* _TRY IT_
The answer is an exact copy of the lines from the one with "出巢過程中,樹巢外的雄犀鳥率" to the end of the listing below, pictures left out.

____ DATA EXTRACT

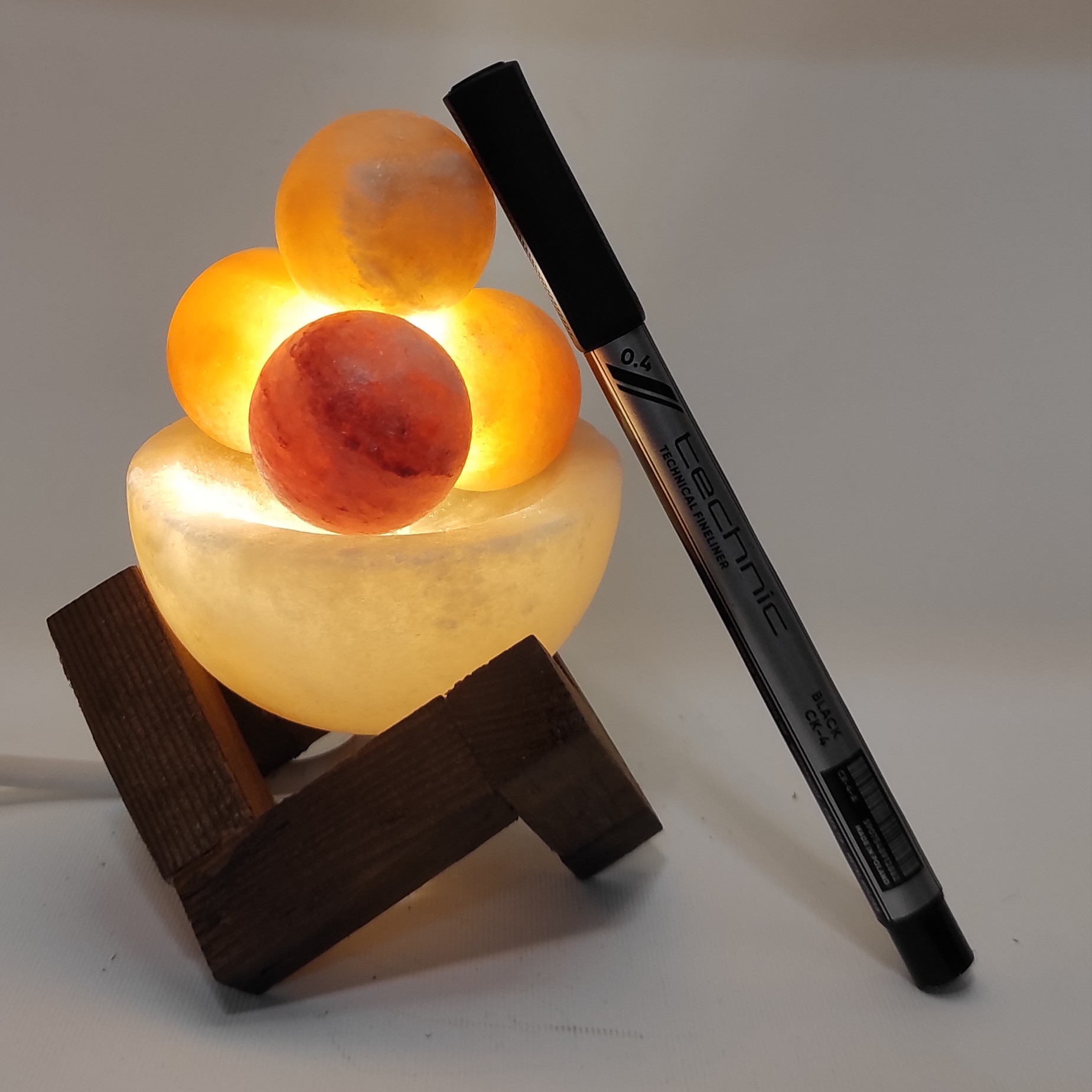 آباژور سنگ نمک طرح پیاله قطر پیاله 8 سانت هست که اندازه آن در دو تصویر آخر با اندازه خودکار و دست مقایسه شده است .همراه پایه چوبی و ال ای دی و 4 عدد گوی قطر 3. بعد از ثبت سفارش میتوانید پیام بدهید و رنگ مورد نظر گوی ها را بگویید
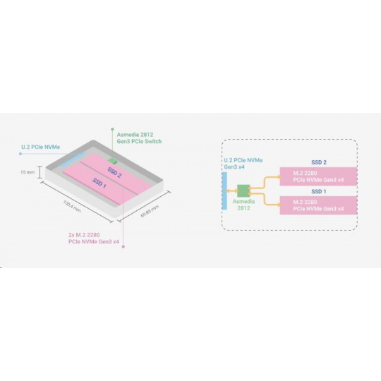 Produkt QDA-U2MP dokáže pojmout dva M.2 PCIe 3.0 x4 NVMe SSD uvnitř jedné 2,5” diskové pozice U.2 (SFF-8639) PCIe 3.0 x4 NVMe SSD. Pro QDA-U2MP není nutný žádný softwarový ovladač a lze jej nainstalovat do počítače/pracovní stanice (Windows®, Linux®) nebo QNAP NAS, kde umožňuje použít místo nákladnějšího U.2 SSD dostupnější M.2 SSD.
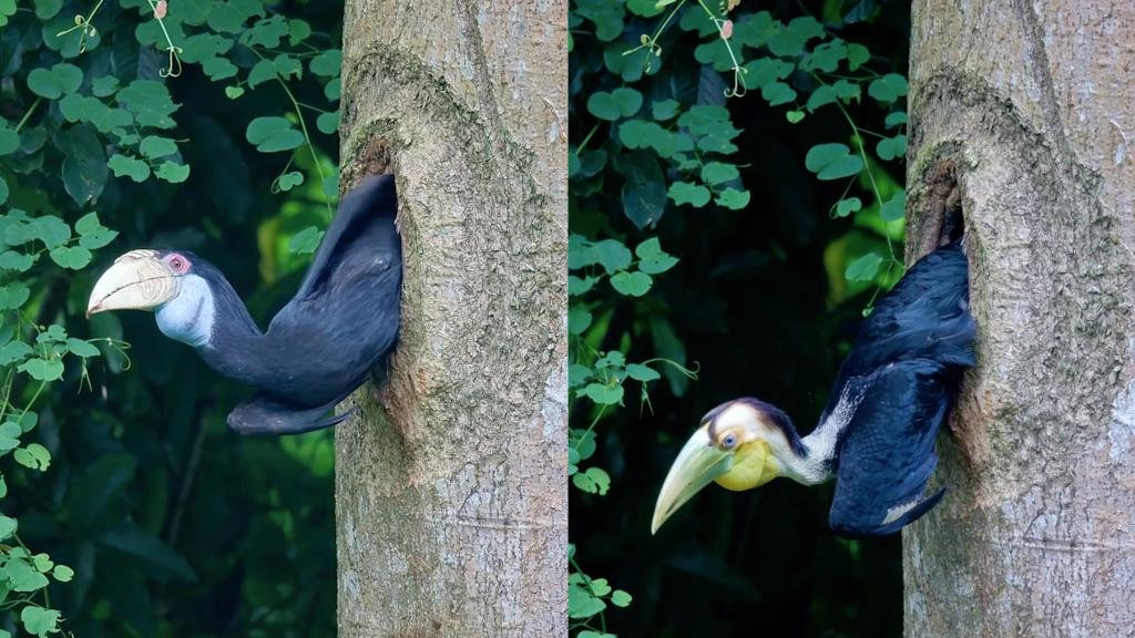 出巢過程中,樹巢外的雄犀鳥率先啄開部分封巢的泥土,樹巢裏的雌犀鳥也開始從裏往外清理封巢的泥土。隨着大部分封泥被清理,雌犀鳥不停地探出頭來觀察周圍環境,待確認安全後,它努力把身體擠出洞外,飛出了樹巢。
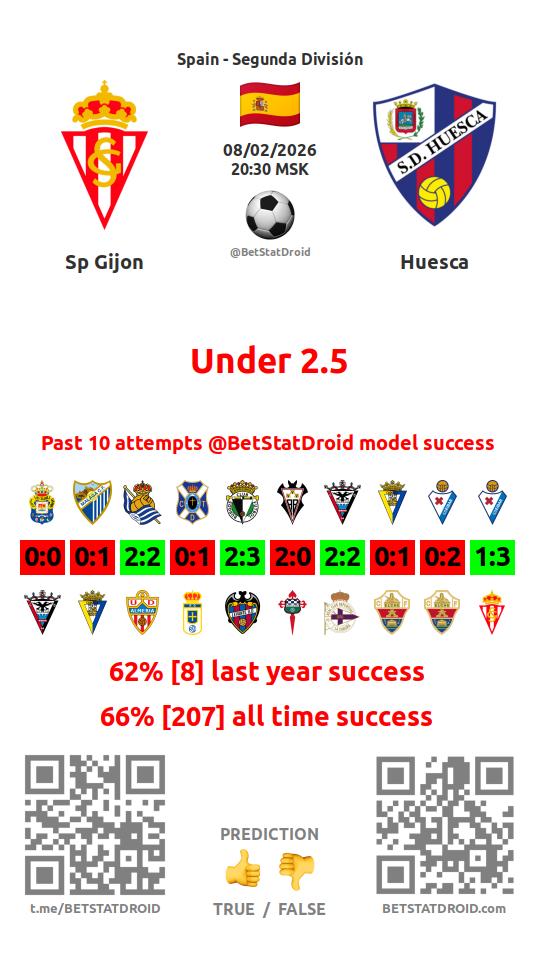 ✔ Sp Gijon scores under 2,5 goals in each of 15 last games

________

* _EXERCISE SOLUTION_
 出巢過程中,樹巢外的雄犀鳥率先啄開部分封巢的泥土,樹巢裏的雌犀鳥也開始從裏往外清理封巢的泥土。隨着大部分封泥被清理,雌犀鳥不停地探出頭來觀察周圍環境,待確認安全後,它努力把身體擠出洞外,飛出了樹巢。
 ✔ Sp Gijon scores under 2,5 goals in each of 15 last games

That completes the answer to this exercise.